Она, вопреки ожиданиям Гостомысла, не выглядела убитой горем вдовой.

– Здравствуй будь, брат, – сказала без приветливости в голосе то, что должна была сказать. – Как твое здоровье? А то мы все сильно за тебя беспокоились. Но моя Бисения бросала птичьи кости, и они сообщили ей о твоем добром здравии, и скором возвращении.

– Здравствуй будь и ты, сестра, – с легким поклоном ответил Гостомысл негромким своим голосом, не просто потому что за дверью слева раздался плач ребенка, а потому что привык говорить так. Может быть, даже подспудно, в противовес своему отцу, но подражая матери, которая тихим спокойствием самое яростное возбуждение Буривоя обуздывала. – Если твоя труболетка уже сказала тебе о моем здравии, зачем тогда спрашиваешь… Но я все равно отвечу, что вернулся здоровее, чем уезжал в дальний край. Меня чувство ответственности делает сильнее, и не позволяет поддаваться слабости. Я сейчас один остался, и город в таком тяжелом положении, что даже женщины с малолетними детьми ходят на строительство… – он не удержался, и высказал свой справедливый упрек. Но Велибора не пожелала принять его в свой адрес. Она считала себя выше городских бед.

– Я рада за тебя.

– Племянник мой спешит с дядей познакомиться? – кивнул Гостомысл на дверь, из-за которой раздавался детский плач.

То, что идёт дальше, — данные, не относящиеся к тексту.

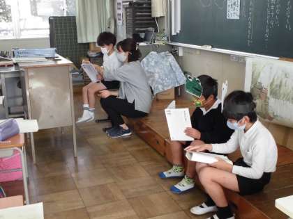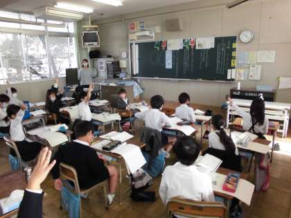 2時間目、2年生は国語科の学習に取り組みました。主人公のかえるくんとがまくんの気持ちを読み取り、二人のお手紙を待つ幸せの気持ちを読み取ることができました。子どもたちは主人公の二人になりきって本を上手に読んだり、その時の二人の気持ちを考え発表したりすることができました。しっかり手を挙げてたくさん発表することができました。
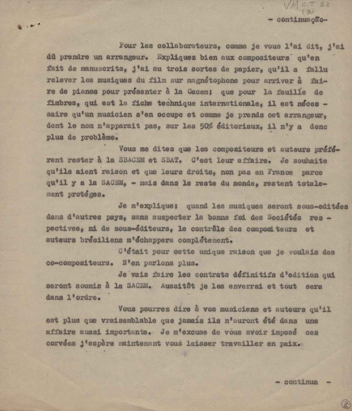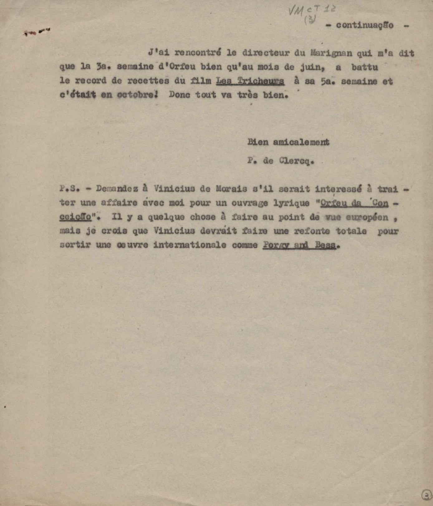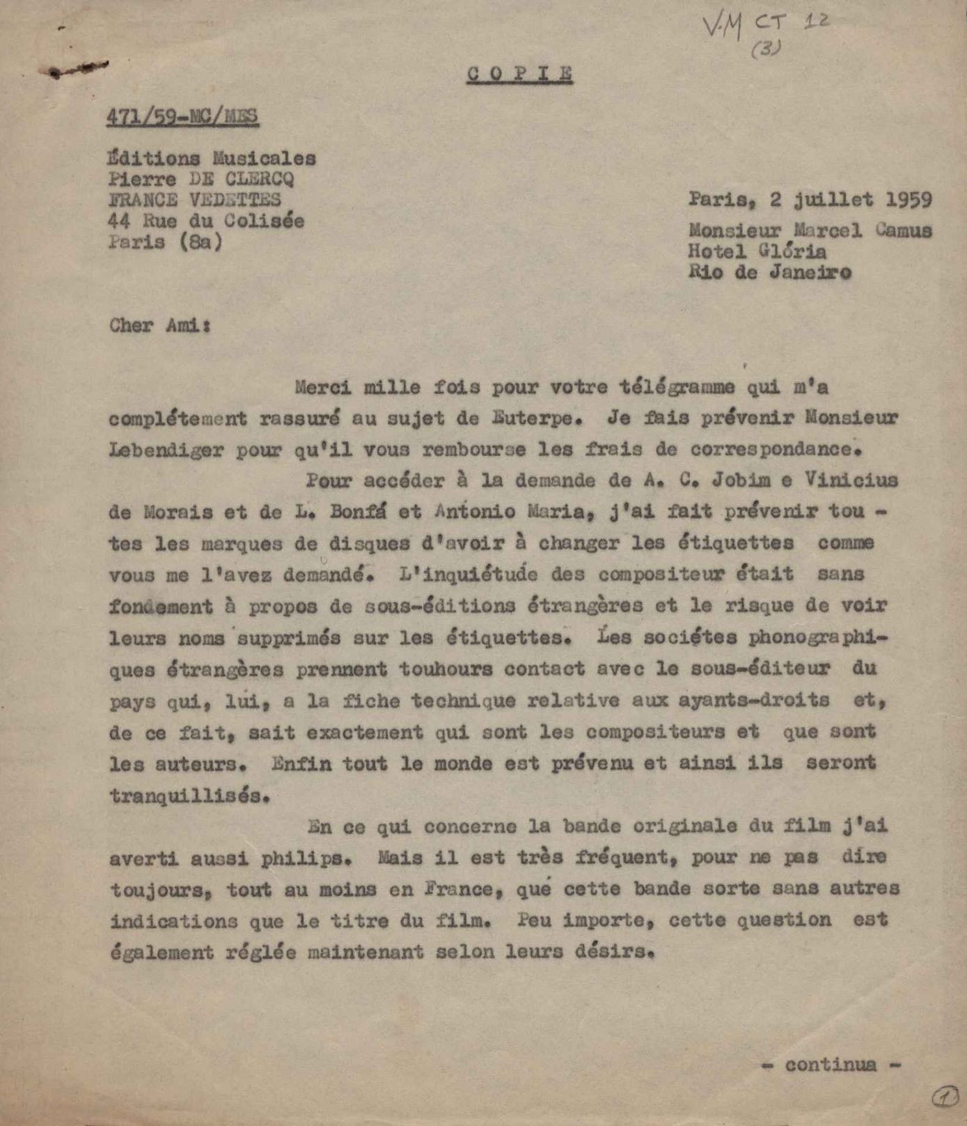 Considerações sobre problemas técnicos de gravação e filmagem e sobre preservação de direitos autorais de Orfeu negro.
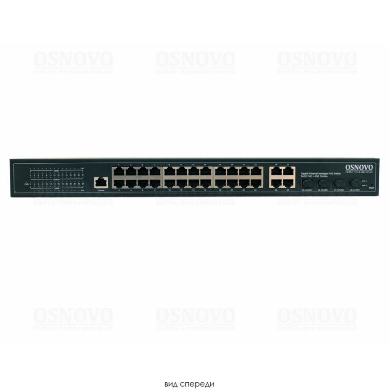 SW-8244/L(400W) Управляемый L2 PoE коммутатор Gigabit Ethernet на 24 RJ45 PoE + 4 x GE Combo Uplink порта. Порты: 24 x GE (10/100/1000 Base-T) с поддержкой PoE (IEEE 802.3af/at), 4 x GE Combo Uplink (RJ45 + SFP). Соответствует стандартам PoE IEEE 802.3af/at. Автоматическое определение PoE устройств. Мощность PoE на порт - до 30W. Суммарная мощность PoE до 400W. Встроенная грозозащита 3kV на порт. Питание: AC100-240V (415W). Встроенный БП. Монтаж в 19 - дюймовую стойку, крепление в комплекте. Размеры (ШхВхГ): 440 x 45 x 290мм. Рабочая температура: -10+55°С.

– С ним Бисения и кормилица. Сейчас покормят его, и вынесут тебе показать. Как-никак – это твоя родная кровь, брат. Я надеюсь, что ты проявишь о нем свою заботу.

– Можешь не сомневаться. Проявлю. И о нем, и о тебе. О тебе я уже начал проявлять, если, конечно, ты сама не будешь против моего предложения.

– Что за предложение?

– У меня есть добрый друг – князь большого княжества бодричей Годослав. Слышала ты что-нибудь о нем?

– Только то, что ты к нему ездил, и сейчас вернулся. Большое у него княжество?

– Большое. Больше, чем наше вместе с княжеством русов. И сильное. Три с лишним года назад Годослав заключил договор частичной вассальной зависимости с королем франков Карлом Каролингом, который захватил уже, практически, всю Европу. Но тогда же Годослав был вынужден принять христианство. Когда Годослав находился при дворе Карла, и не имел возможности вовремя вернуться, на княжество пошел войной король данов Готфрид, которого поддержали мятежные бояре-советники. Это немножко не то, что наши бояре, но нечто общее есть. Жена Годослава княгиня Рогнельда, по рождению датчанка, и подданная Готфрида, чтобы спасти княжество от захвата, заманила в ловушку, и приказала убить своего отца герцога Гуннара, который и занимался устройством бунта бояр. Потом сама бунт очень жестоко подавила. А князь-воевода Дражко в течение одного дня дал два сражения, и разбил две армии данов, которые значительно превосходили его силы количественно. А Дания по силам может сравниться только с королевством франков или с Византией.

– И что же? – спросила Велибора.

– Беда в том, что после смерти отца княгиня заболела. У нее что-то с головой не в порядке, и она не может родить Годославу здорового сына, наследника княжеского стола.

– Ты предложил Годославу изгнать жену, и жениться на мне?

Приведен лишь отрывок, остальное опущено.